Rating: NR
Genres:
Avant-garde / Experimental
Culture & Society
Release Date: 05/13/2003
Sound: 0
Run Time: 68 min
Flags: Suitable for Children
Distributor/Studio: Kino
Soviet director
Dziga Vertov's
experimental film grew out of his belief, shared by his editor,
Elizaveta Svilova (who was also his wife), and his cinematographer,
Mikhail Kaufman (also his brother), that the true goal of cinema should be to present life as it is lived. To that end, the filmmakers offer a day-in-the-life portrait of a city from dawn until dusk, though they actually shot their footage in several cities, including Moscow, Kiev, and Odessa. After an opening statement, there are no words in the film (neither voice-over nor titles), just dazzling imagery, kinetically edited - as a celebration of the modern city with a marked emphasis on its buildings and machinery. The
Image Entertainment DVD edition of the film offers a musical score composed from notes left by the director, which adds greatly to the impact of the film.

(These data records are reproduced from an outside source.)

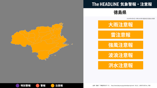 4月4日15時18分頃、徳島県の大雨注意報・雷注意報などが更新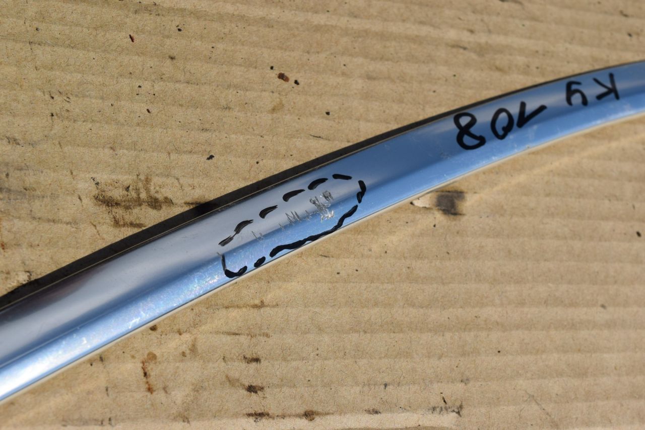 передней левой двери. Верхний. Царапина (на фото).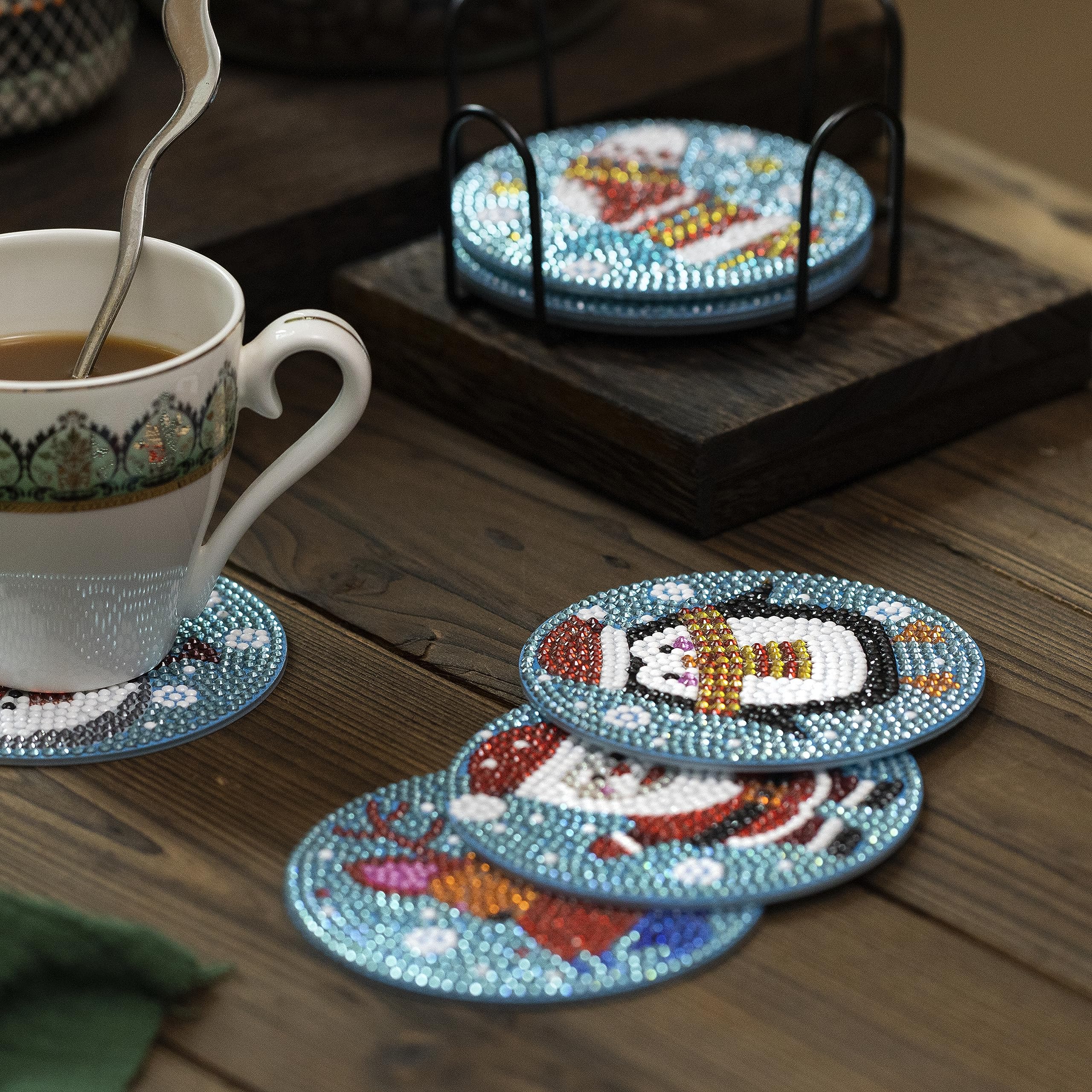 【在庫セール】[Ebherys]8ピースダイヤモンドアートコースターキットダイヤモンドペインティングDIYキット5Dダイヤモンド+垂直コースターラック+収納ラック初心者装飾大人と子供向けの手作り工芸品 (蓝色圣诞) | allureshop
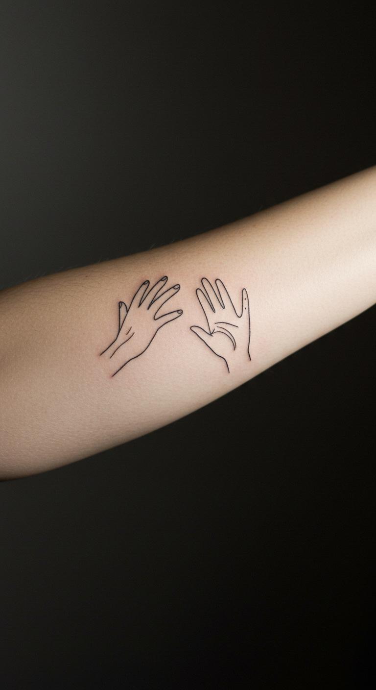 Hand holding tattoos connect on your forearm. Picture two palms linked. It shows bonds and support. Draw hands from photos.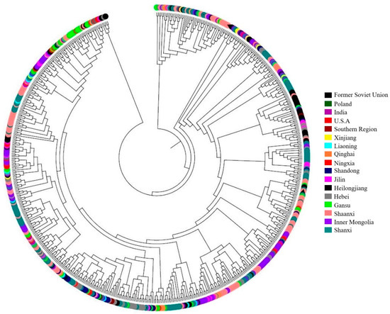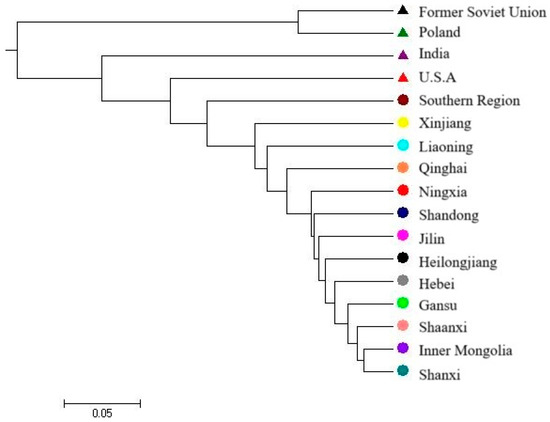 Genetic similarity and genetic distance were calculated to further elucidate the genetic relationships among accessions (Table 5). The average genetic similarity and average genetic distance among the 17 populations were 0.822 and 0.214, with ranges of 0.379–0.975 and 0.025–0.970, respectively. The greatest genetic distance was observed between the South region and Poland, followed by the distance between the South region and the Soviet Union. The smallest genetic distance was observed between Gansu and Ningxia and revealed the closest genetic relationship of accessions from the two provinces. The majority of genetic distance between domestic populations was less than 0.1 (except for values between the South region and other provinces, and the values between Xinjiang and Liaoning, Ningxia, Gansu, Qinghai, and Shandong, as well as values between Heilongjiang and Liaoning and Ningxia). In contrast, the genetic distance between domestic and foreign populations was dramatically higher, some of which are even as high as 0.6778 (between Heilongjiang and Poland). These results showed that much greater genetic distances existed between domestic and foreign populations than among domestic populations.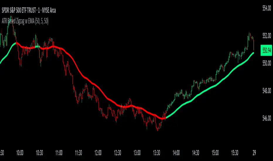 The "ATR Based Zigzag with EMA" indicator is a refined trend-following tool designed for traders who demand clarity, precision, and robust trend detection. This script uses an ATR (Average True Range)-based breakout mechanism to dynamically determine the current market trend, while overlaying a clean, smoothed EMA (Exponential Moving Average) line to visually represent the active directional bias.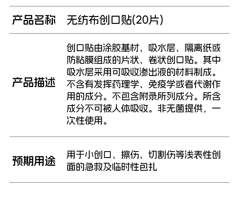 外国貿易英語不織布傷口貼付使い捨て止血看護絆創膏20枚家庭用傷口貼付布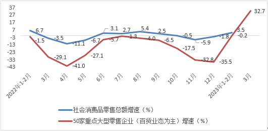 根据乐鱼电竞的监测数据,在促消费政策持续发力、国内消费市场加速恢复向好环境下,加之去年同期基数较低因素,3月份全国50家重点大型零售企业(以百货业态为主)实现大幅增长,零售额同比增长32.7%,其中36家企业零售额实现同比正增长。

~ Tom Wiener, All Movie Guide
As a document of "pure" cinema that favors the visual over the aural,
The Man With a Movie Camera is a tremendously exciting work that soars over its limitations as a product of the Soviet state system. Director
Dziga Vertov's claim that narrative cinema was inadequate to present real life is certainly arguable. But the assertion that this film is an unmediated presentation of daily life is undercut by the film's optical tricks and, more importantly, by its stinting of any portrayal of poverty, crime, and other social ills -- not surprising given the heavy hand of the party censors. Nevertheless,
The Man With a Movie Camera is so energetically conceived and executed, with dozens of memorable images flying by almost more quickly than you can absorb them, that it's easy to cast aside the political limitations imposed on the project and enjoy it as one of the great film odes to 20th century urban life. The
Image Entertainment DVD edition of the film is highly recommended; it contains a musical score that seems to anticipate
Philip Glass, as well as astute commentary by scholar Yuri Tsivian on an alternate audio track.